4 pillars of getting rich

I can explain to you the Monte Carlo Simulations and Random Walk Theories of the world but building wealth is essentially a matter of understanding the 4 most fundamental building blocks.

Income, Taxes, Expenses, Investment

As I am writing this post, I am thinking in my mind ‘wait, what’s the big difference between taxes and expenses’ – they seem to be both subtractions to Income to arrive at ‘investment’. There are several distinctions – first being the other in which they occur. For employed people, it’s income -> taxes -> expenses -> investment. For self-employed people, it’s income -> expenses -> taxes -> investment.

Let us examine each of the 4 blocks:

4 pillars of financial success

4 pillars of financial success

1. Income – it is a no-brainer that the more income you earn the richer you can get. This block I think is fairly well understood. Though there are advanced level concepts like having multiple income streams, but overall the concept is fairly well understood.

2. Taxes – this is the money that goes out of your salary before you get it. So if your income in block-1 above was $100, and you pay 10% in taxes, you get $90 ‘take home’. But if the taxes are 20%, then the take home (after-tax) is only $80. Now there are fully legitimate ways to reduce taxes, we will explore those through out this blog.

3. Expenses – now that you have taken home $80 after paying taxes, you will spend something, on food or clothes or vacations or anything else.

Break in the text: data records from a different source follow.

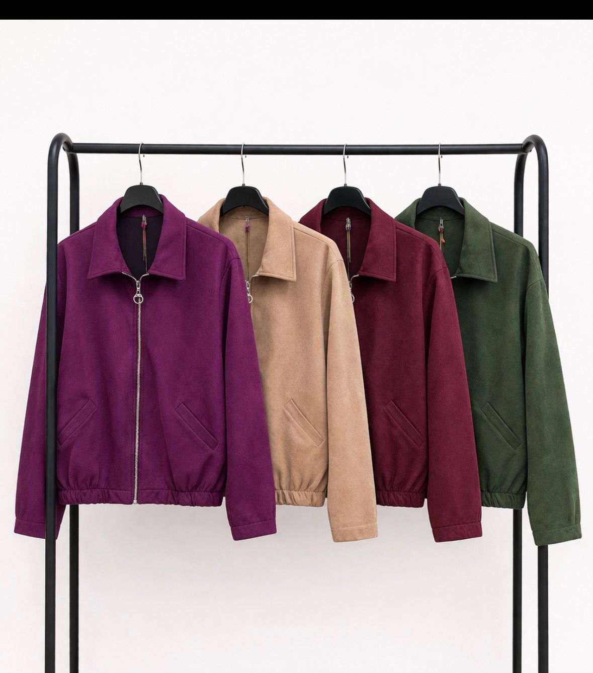 Bomber de antelina, suave y estilosa, con cierre de cremallera y goma en el bajo para un ajuste cómodo.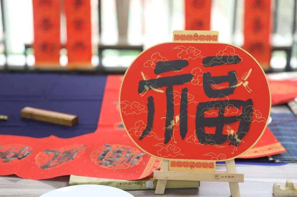 活动现场,汤健校长挥笔泼墨,一行行俊逸的书法,挥洒在一张张喜庆的红纸上,书写着一句句对新春的寄语与祝福。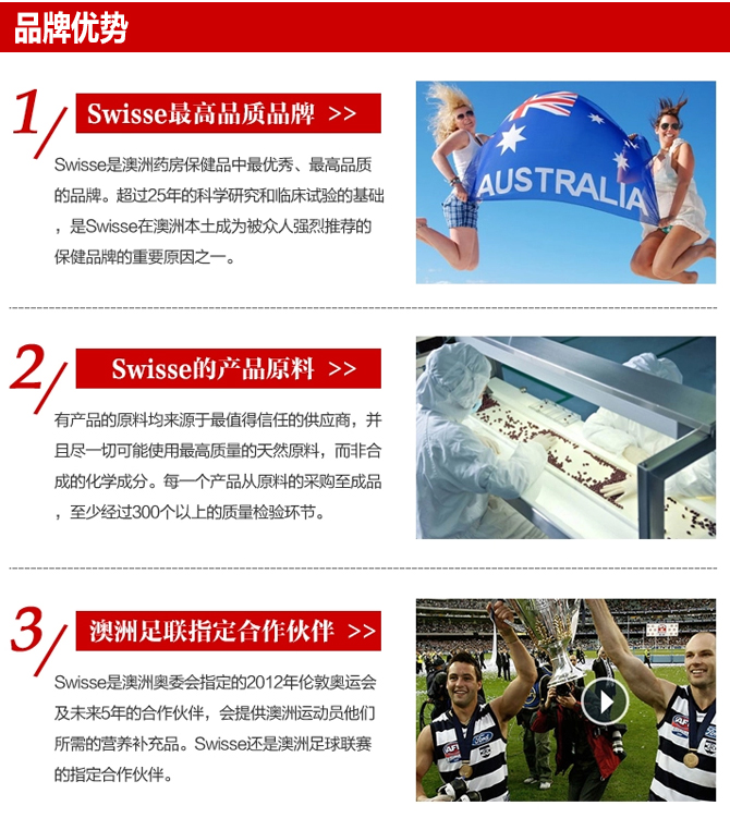 “以科学实现健康,以成效主导市场”Swisse公司始创于本世纪50年代末成立于澳大利亚墨尔本,澳洲自然医学疗法的先驱之一。所有产品原料均来源于最值得信任的供应商,并且尽一切可能使用最高质量的天然原料,而非合成的化学成分。每一个产品从原料的采购至成品,至少经过300个以上的质量检验环节。Swisse在研究产品配方时唯一关注的是品质,从不考虑成本。因此,Swisse产品在澳洲本土市场上的价格也略贵于其他同类产品。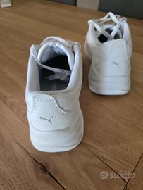 Scarpe da ginnastica Puma originali, modello sportivo e moderno, completamente bianche con logo tono su tono. Perfette per un look casual o athleisure.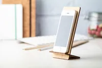 Asztali mobiltelefon-tartó bambusz furnérból. Lapra szerelve szállítjuk.

Let us say you spend $55. Now you have $25 left.

4. Investment – what do you do with the remaining $25? You should keep a certain portion of it in your checking account for a rainy day, but you should invest the rest. Why? Because investing makes the money grow. How much? I always use 8% as my benchmark, a well diversified stock market portfolio returns somewhere in that range over long periods of time.

Now that we have defined the 4 building blocks – the formula for getting rich is simple: maximize your income, minimize your taxes, minimize your expense, and invest wisely.

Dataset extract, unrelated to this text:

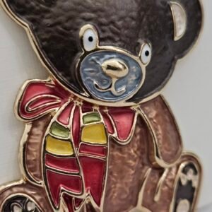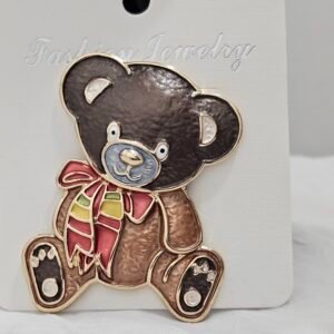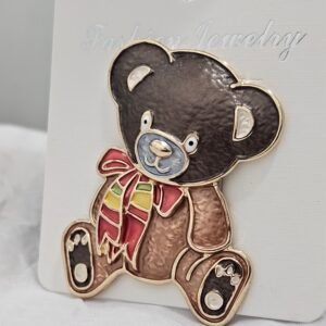 Presladak motiv mede sa šarenom maramom savršen je detalj za kaput, šal ili torbu, a idealan je i kao poklon koji donosi osmijeh.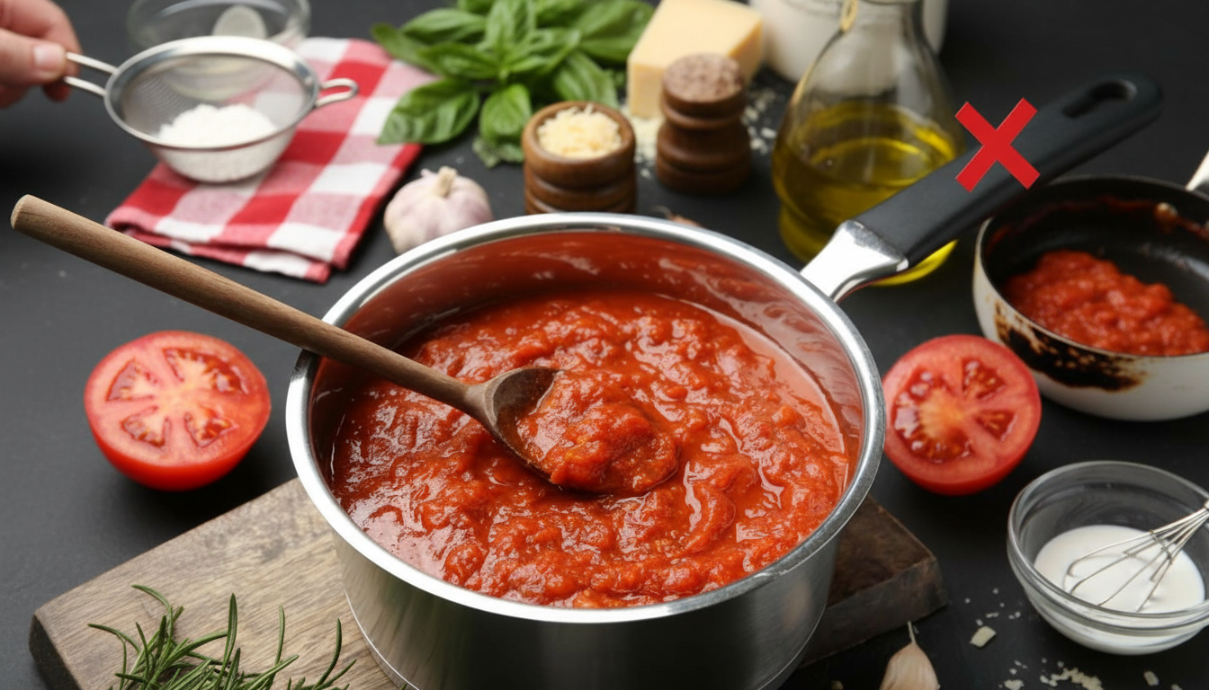 Ao engrossar um molho, algumas armadilhas podem comprometer o resultado final. Ficar atento a detalhes como deixar o fogo alto demais, usar um excesso de espessante, não mexer constantemente e adicionar ingredientes frios diretamente ao molho são erros que podem ser evitados.

P.S. Another problem in just letting all the $25 in your checking account is inflation. Money loses value every year. The same thing will cost a little more tomorrow, and noticeably next year, and significantly more 10 years from now.

OneMoreDime Trivia: Inflation in Russia during 1994 was 840%. A good joke those days was – you should ask for your check when you go in the restaurant and not when you have finished eating; because if it takes you two hours to eat, then the check will be 0.2% higher. (840% per year is about 0.1% per hours).

OneMoreDime Trivia: The highest level of inflation I remember reading is: In Germany(1923), prices rose 2,500% in one month. So a car that costed $10,000 a month back costs $260,000 now (If I had the car, I would sell it now, lol).